EXERCISE:
For the material that follows, return exactly the lines from the one with "11月1日,在哈尔滨市平房区一处小区内,工作人员在进行核酸采样。" through the one with "Luego del gol, España", both ends included.

EXCERPTED DATA:

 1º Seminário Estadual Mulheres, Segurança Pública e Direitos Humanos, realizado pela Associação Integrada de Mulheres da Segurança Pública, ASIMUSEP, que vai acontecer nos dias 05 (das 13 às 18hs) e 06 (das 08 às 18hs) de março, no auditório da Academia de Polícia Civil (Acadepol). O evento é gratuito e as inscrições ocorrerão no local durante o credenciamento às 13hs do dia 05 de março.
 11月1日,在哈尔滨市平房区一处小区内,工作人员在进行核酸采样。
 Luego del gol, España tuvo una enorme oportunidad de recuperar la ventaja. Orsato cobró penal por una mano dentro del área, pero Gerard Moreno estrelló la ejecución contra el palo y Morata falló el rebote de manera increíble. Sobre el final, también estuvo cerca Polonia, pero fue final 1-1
--
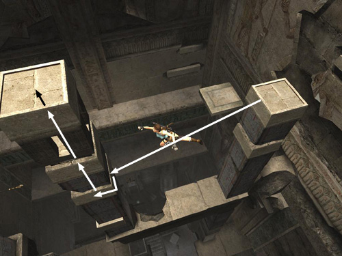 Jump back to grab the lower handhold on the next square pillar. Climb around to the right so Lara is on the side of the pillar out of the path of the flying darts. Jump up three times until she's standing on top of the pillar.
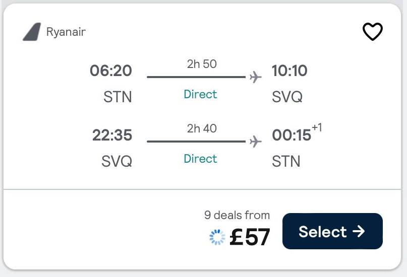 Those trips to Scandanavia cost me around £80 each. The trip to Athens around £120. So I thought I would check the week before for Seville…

WRITTEN SOLUTION:
 11月1日,在哈尔滨市平房区一处小区内,工作人员在进行核酸采样。
 Luego del gol, España tuvo una enorme oportunidad de recuperar la ventaja. Orsato cobró penal por una mano dentro del área, pero Gerard Moreno estrelló la ejecución contra el palo y Morata falló el rebote de manera increíble. Sobre el final, también estuvo cerca Polonia, pero fue final 1-1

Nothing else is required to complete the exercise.